• DATA FOR REVIEW:
■ ■ ■

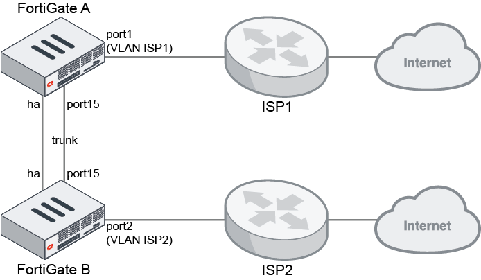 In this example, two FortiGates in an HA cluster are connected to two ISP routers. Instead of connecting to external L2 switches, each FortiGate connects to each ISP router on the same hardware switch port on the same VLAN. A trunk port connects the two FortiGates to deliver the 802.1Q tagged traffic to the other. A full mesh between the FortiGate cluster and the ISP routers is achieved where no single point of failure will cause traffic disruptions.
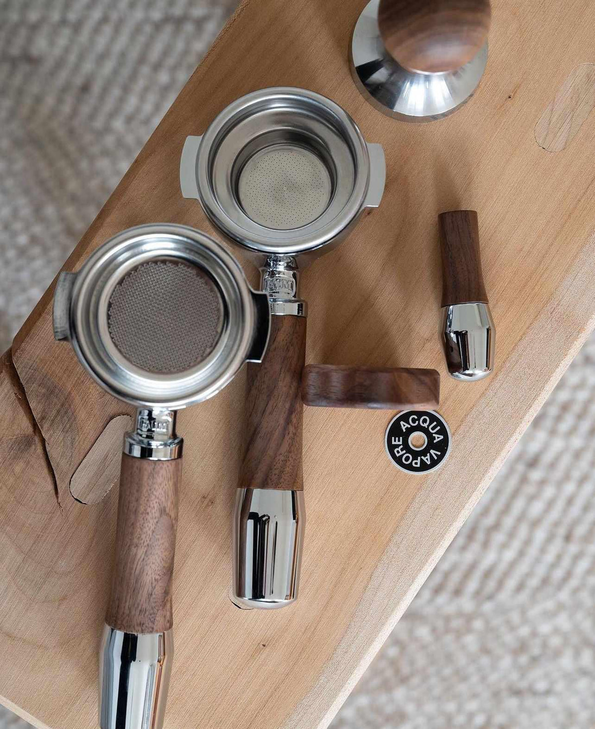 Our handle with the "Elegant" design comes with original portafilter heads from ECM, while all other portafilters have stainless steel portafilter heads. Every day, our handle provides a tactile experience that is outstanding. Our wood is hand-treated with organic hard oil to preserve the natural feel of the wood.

■ ■ ■

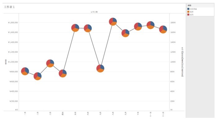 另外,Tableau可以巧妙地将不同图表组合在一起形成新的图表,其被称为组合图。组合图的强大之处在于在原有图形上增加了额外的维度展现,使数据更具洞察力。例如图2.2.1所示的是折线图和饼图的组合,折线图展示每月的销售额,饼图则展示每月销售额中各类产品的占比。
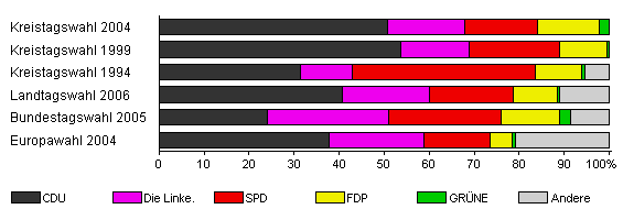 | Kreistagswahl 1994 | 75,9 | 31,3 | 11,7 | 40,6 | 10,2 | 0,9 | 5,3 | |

■ ■ ■

• EXERCISE: What should come back is an exact copy of the lines above from the line with "另外,Tableau可以巧妙" to the line with "10,2 | 0,9 | 5,3 | |", both included, minus the pictures.

• COMPLETED EXERCISE:
 另外,Tableau可以巧妙地将不同图表组合在一起形成新的图表,其被称为组合图。组合图的强大之处在于在原有图形上增加了额外的维度展现,使数据更具洞察力。例如图2.2.1所示的是折线图和饼图的组合,折线图展示每月的销售额,饼图则展示每月销售额中各类产品的占比。
 | Kreistagswahl 1994 | 75,9 | 31,3 | 11,7 | 40,6 | 10,2 | 0,9 | 5,3 | |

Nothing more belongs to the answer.